Лицо работника журнала резко изменилось. Улыбка моментально исчезла, и в глазах появилось презрение. В них читалось, что ему крайне досадно, что он потерял время на этого бестолкового автора. Антону стало не по себе. Он вжался в стул и онемел от такой метаморфозы.
— Ну а бесплатно возиться с этим вашим рифмованным мусором никто не собирается, — грубо произнес редактор.
— Как с мусором? — растерялся Гогин. — Вы же только что сказали, что неплохо.

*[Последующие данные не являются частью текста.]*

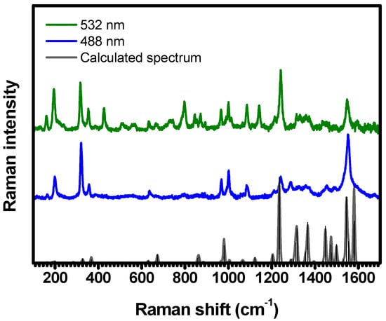 Within the spectral range of , no Raman bands were detected in the spectrum at , as shown in Figure 4. Nevertheless, at , three distinct Raman bands emerge at , , and , indicating the resonance of these modes with electronic transition. The observed Raman bands are assigned to the vibrations at , at , and at in the calculated spectrum, respectively; see Table 1 and Table S2 in SI (illustrations 7–9).

Редактор недобро оскалился.
— Вы сами вникаете в смысл того, что пишете? Послушайте, как это звучит со стороны…
Второй раз пережить подобный разбор стихов поэт не согласился бы ни за какие деньги. Это можно сравнить с ковырянием булавкой в кровоточащей ране. Над Антоном много издевались в школе, во дворе, в семье, но все эти издевательства ничто по сравнению с издевательствами этого человека. В подобного рода садизме — это Гогин не мог не оценить — редактор был мастером. Он знал, на что нажать и за какую струну дернуть, чтобы поэт взвыл от своей ничтожности. Все самое заветное, что вырывалось из души и оформлялось в стихотворные размеры, за какие-то десять минут было раздавлено и втоптано в грязь этим человеком. А за что? Всего лишь за то, что у автора не нашлось двух тысяч долларов. Но об этом он догадался потом.
А в тот день, возвратившись домой после экзекуции, Антон молча прошел в свою комнату, лег на кровать лицом к стене и лежал, не двигаясь, шесть дней. Жизнь потеряла последний и единственный смысл.
Антона спасла от смерти его равнодушная мать. Даже было удивительно, что она вызвала «скорую». Родительница не входила в его комнату годами, совершенно не интересуясь, чем занимается её единственный сын. А тут вошла, ахнула и побежала вызывать «неотложку».
Когда Гогина, полгода спустя, выпустили из психушки с клеймом «попытка суицида», ему ничего не оставалось, как устроиться на стройку ночным сторожем. Он стал ещё более угрюмым и замкнутым. В восемнадцать лет бедняге казалось, что он прожил длинную, тяжелую жизнь и теперь доживает последние дни. Однако от окончательного упадка его, как ни странно, снова спасли стихи. Он их начал кропать ночами во время дежурства, но на этот раз поклялся уже никому не показывать своих виршей ни при каких условиях. Однако этому не суждено было сбыться.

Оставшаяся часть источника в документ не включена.